Sono difatti stati individuati tre livelli di collaborazione:

• La collaborazione definita “sufficiente” è designata a quei pazienti che presentano disabilità sensoriali, disabilità motorie lievi e insufficienza mentale lieve o media (QI 85-50%) con possibilità di relazione e motivazione. Con questi pazienti le indicazioni terapeutiche sono quelle che prevedono il trattamento ambulatoriale convenzionale, l’erogare la terapia senza limitazioni in base alle necessità e richieste del paziente e non ultima motivare il paziente con sedute preoperatorie di approccio psicologico.

• Nella “parziale”, i pazienti presentano un elevato ed incontrollabile livello d’ansia, una disabilità motoria con ipertono muscolare, alterazioni della postura che interferiscano con la terapia in misura limitata (discinesie, distonie, spasticità lievi), una insufficienza mentale lieve o media (QI 85-50%) con difficoltà di relazione e motivazione. In tal caso le indicazioni terapeutiche sono quelle che prevedono la programmazione per il trattamento ambulatoriale convenzionale, preferendo l’approccio psicologico integrato con l’analgesia relativa (Protossido d’azoto) e/o la sedazione leggera; si adotta un piano di terapia concreto commisurato alle esigenze del caso. Si considera, inoltre, il trattamento ospedaliero in ipnosi indotta o in narcosi, per ridurre lo stress ed accelerare le terapie complesse.

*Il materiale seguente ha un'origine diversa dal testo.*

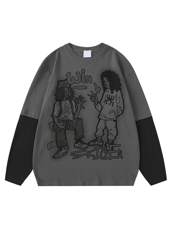 One Shoulder Fake Two Piece Print Long Sleeve Tee

• Nella collaborazione “assente”, i pazienti presentano insufficienza mentale elevata (QI <50%) con impossibilità di relazione; sono inoltre presenti alterazioni posturali o movimenti incontrollabili tali da ostacolare la terapia (atetosi, corea, spasticità, distonie, discinesie di grado elevato). Con questi pazienti le indicazioni terapeutiche sono quelle che prevedono l’utilizzo di un trattamento ospedaliero in narcosi o ipnosi indotta, con la programmazione di un piano di cura ridotto a conservativa ed exodonzia. Si considera anche l’estrazione dei denti a prognosi incerta per la difficoltà di accesso a terapie sistematiche e periodiche (evitando dunque l’accanimento terapeutico).

La sedazione in ipnosi farmaco indotta

Questa è una sorta di sedazione che, attraverso l’induzione farmacologica, giunge ad uno stato di pre-narcosi nel quale il paziente è semi-cosciente, con autonomia respiratoria, spesso collaborante, sedato e non conserva memoria dell’evento traumatico. Una sala operatoria dedicata a questa tipologia di paziente e a questa metodologia è presente all’interno dell’Unita Operativa Complessa.

Il paziente cerebroleso e/o non collaborante viene trattato in Day Surgery. Dopo la prima visita, se il piano di trattamento non è ambulatoriale, si effettua il primo accesso con gli esami specifici ematochimici, ECG, RX torace OPX (radiografia panoramica delle arcate dentarie), un secondo accesso con l’anestesista e il terzo accesso che prevede il trattamento (a quadranti) e le relative dimissioni in giornata.